# Welding - Not sure what to do



## Reece_ (Nov 12, 2014)

Hello,

After taking the side skirts of my car I was greeted with some pretty bad rot by the wheel arch, only on the one side.

So took it to a welder.

Here is the damage










After being welded 
How does it look?









How it looks now










As someone pointed out it looks like there is a bit of a gap at the top, which could result in water getting in?

Absolutely gutted and not sure what to do.

Really appreciate any advice, thank you :thumb:


----------



## m4rkymark (Aug 17, 2014)

To be honest the welder needs shot, that's a crap patch. It's not just the gap, look at all the marks left where he has tried to shape the patch. Looks like he's tried to shape it with a screwdriver


----------



## steveo3002 (Jan 30, 2006)

thats just a bodge over job to keep it legal

idealy it needed to be cut out into a neat square then a perfectly fitting patch made and welded in so its pretty much as good as new

edit if your happy with a patch up...get some seam sealer and apply over the welds to seal up any gaps


----------



## Naddy37 (Oct 27, 2005)

What did he use to cut the metal, his teeth?...


----------



## ted11 (Jul 8, 2011)

have a look on here
http://www.detailingworld.co.uk/forum/showthread.php?t=339252&page=15


----------



## marc147 (Nov 21, 2011)

Wtf :0 you didnt pay him did you?
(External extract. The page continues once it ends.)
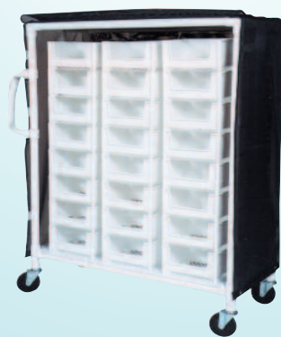
395-48 TOTAL CART W/48 BINS SHOWN W/MESH NAVY

Is it not meant to be in line with the arch?


----------



## AllenF (Aug 20, 2012)

Jeeeezuz i thought the days of shoving a stick down a pidgeons throat and making it poo everywhere were long gone.
Who done it stevie wonder??


----------



## steveo3002 (Jan 30, 2006)

depends what he asked for in all fairness

if its a cheap mot weld up thats just what you get..a patch welded over the rust

restoring the panel to almost as new condition is alot more money


----------



## Caledoniandream (Oct 9, 2009)

Its a patch weld, will you get this time through the MOT, next year you have to do it again as the rust have eaten through the rest. 
Needs properly cut out, all the rot removed and than patched in, not over. 
Not every good welder can weld thin plate, its a art on it's own.
You would have been better to braze it when you want a patch like that, not so much heat distortion. 
you can seam seal it for now, but it's not going to last, a good body shop can sort it for you, by cutting all the rot out, that way it will last.
also did he use weldable primer to protect the bar metal.


----------



## Reece_ (Nov 12, 2014)

m4rkymark said:


> To be honest the welder needs shot, that's a crap patch. It's not just the gap, look at all the marks left where he has tried to shape the patch. Looks like he's tried to shape it with a screwdriver


See what you mean so I guess so


----------



## Reece_ (Nov 12, 2014)

neilos said:


> What did he use to cut the metal, his teeth?...


Must off :wall:


----------



## Reece_ (Nov 12, 2014)

marc147 said:


> Wtf :0 you didnt pay him did you? Is it not meant to be in line with the arch?


Should be


----------



## Reece_ (Nov 12, 2014)

AllenF said:


> Jeeeezuz i thought the days of shoving a stick down a pidgeons throat and making it poo everywhere were long gone.
> Who done it stevie wonder??


:lol::lol:



Caledoniandream said:


> Its a patch weld, will you get this time through the MOT, next year you have to do it again as the rust have eaten through the rest.
> Needs properly cut out, all the rot removed and than patched in, not over.
> Not every good welder can weld thin plate, its a art on it's own.
> You would have been better to braze it when you want a patch like that, not so much heat distortion.
> ...


Thank you for the advice. I think I'm going to get it completely redone, and not sure on the weldable primer 



steveo3002 said:


> thats just a bodge over job to keep it legal
> 
> idealy it needed to be cut out into a neat square then a perfectly fitting patch made and welded in so its pretty much as good as new
> 
> edit if your happy with a patch up...get some seam sealer and apply over the welds to seal up any gaps


Thank you, going to have to get it redone elsewhere :thumb:


----------



## mr paint (Jul 11, 2009)

Yup as stevo said ....patch cut out and a patch made from the bit removed and butt welded back into place then small skim of filler to blend etc 


Tommy


----------



## Reece_ (Nov 12, 2014)

mr paint said:


> Yup as stevo said ....patch cut out and a patch made from the bit removed and butt welded back into place then small skim of filler to blend etc
> 
> Tommy


Thank you


----------



## supernova-dw (Apr 26, 2014)

Just reiterating what has been said really... What has been done is just a cheap bodge, the plate has been put over the rust and will suffise for MOT purposes however if this is a car you care about then start again! Very difficult to find someone who will do it properly... You'll need to explain exactly what you want doing and let whoever is doing it know that you want a proper job doing and don't mind paying the extra as to be honest that is what it will boil down to for most people... If you want a proper job doing it will take time which of course is going to cost you but if its a keeper (The car) then get itit done properly once and for all


----------



## PootleFlump (Jan 1, 2006)

Looked a straightforward repair which with a little more time could have been done tidily. If you can live with it and it's covered, seal it bung some wax oil in and it may last a while. Depends if you want to keep the car longer term, a guy at work just drives his car until it blows quite literally, last one ran out of oil. If its one of those it should see you through


----------